Evangelie zingen in eigen taal
De oudste zoon van Daniël en Parbati, mijn vader Johannes volgde de onderwijzersopleiding in Paramaribo waar hij in het Soendar Singh Internaat woonde. Daar kwam hij zijn vrouw Soemintra tegen, een meisje uit het kinderhuis Sukh Dhaam. Hij werd op slag verliefd en trouwde met haar. Tijdens zijn werk als onderwijzer, voelde Johannes Rambaran zich geroepen om het evangelie te verkondigen. Na veel vijven en zessen werd hij met zijn gezin – er was inmiddels een dochter geboren – naar Nederland gestuurd om de theologie opleiding te volgen. Het gezin woonde in Zeist bij het bolwerk van de Evangelische Broedergemeente. Johannes Rambaran studeerde samen met veel bekende predikanten uit de EBG, zoals Mingoen, Zeefuik en Hessen.

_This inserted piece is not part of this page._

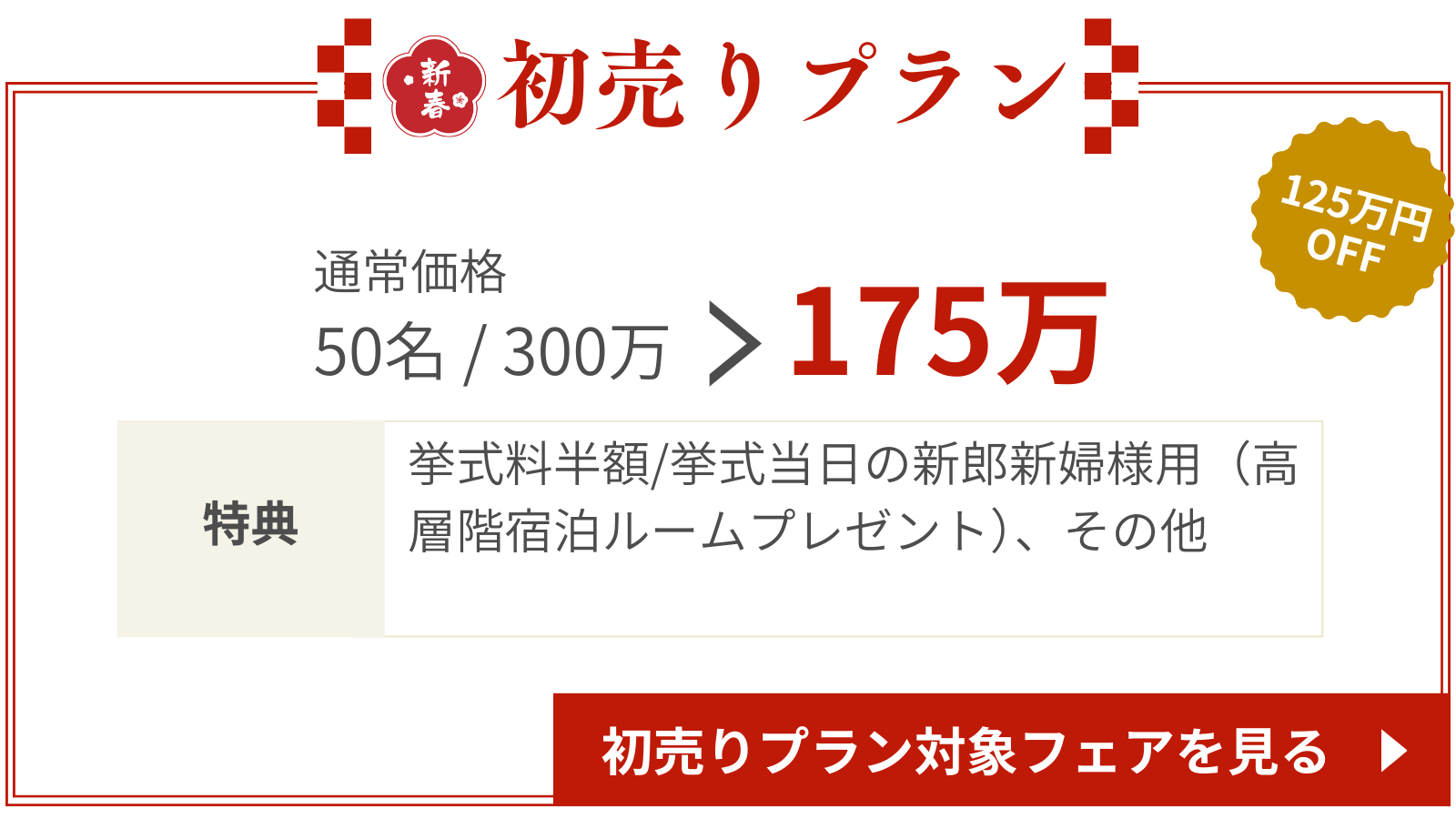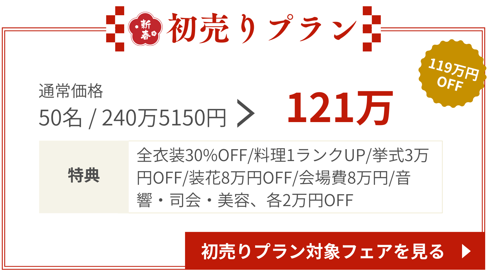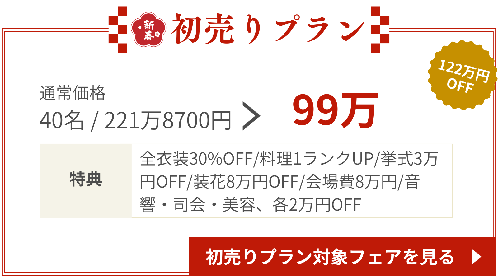 2026年新春初売りプラン!2026年6月末までの結婚式が超お得に!気候も良く、大人気の春の結婚式♡通常価格より大幅割引されたプランが登場。1月31日までに対象の結婚式場で契約した方限定のプランだからこの機会をお見逃しなく!

Het Zeister Zendings Genootschap zond hem uit naar India om de talen Urdu en Hindi te studeren, en te leren hoe het evangelie op een Hindostaanse wijze met in achtneming van de cultuur gebracht kon worden. Met zijn gezin – twee dochters inmiddels – vertrok hij met de boot vanuit Marseille naar India. Tijdens zijn opleiding aan de Leonard Theological College in Jabalpur, India verzamelde hij Indiase christelijke liederen. Na het afronden van zijn studie in India, vertrok hij via een stop van drie maanden in Zeist, terug naar Suriname. Daar werd hij in 1969 als eerste Hindostaanse predikant van de EBG geordend in de Grote Stadskerk. De meegebrachte liederen uit India werden opgenomen in het Hindostaanse liedboek van de EBGS. Deze liederen worden nu nog steeds gebruikt. Het is zo bijzonder dat je het evangelie kan zingen in je eigen taal. Het geeft je zo een diep gevoel in je hart. Het spreekt tot je op een manier die heel emotioneel is. Een andere taal, kan jouw gevoelige snaar niet raken. Ik vergelijk het met een Bollywood film waarbij de liederen in het Hindi worden gezongen en de Hindostaan dieper raakt. Zo doet Hindi gospel dat ook”.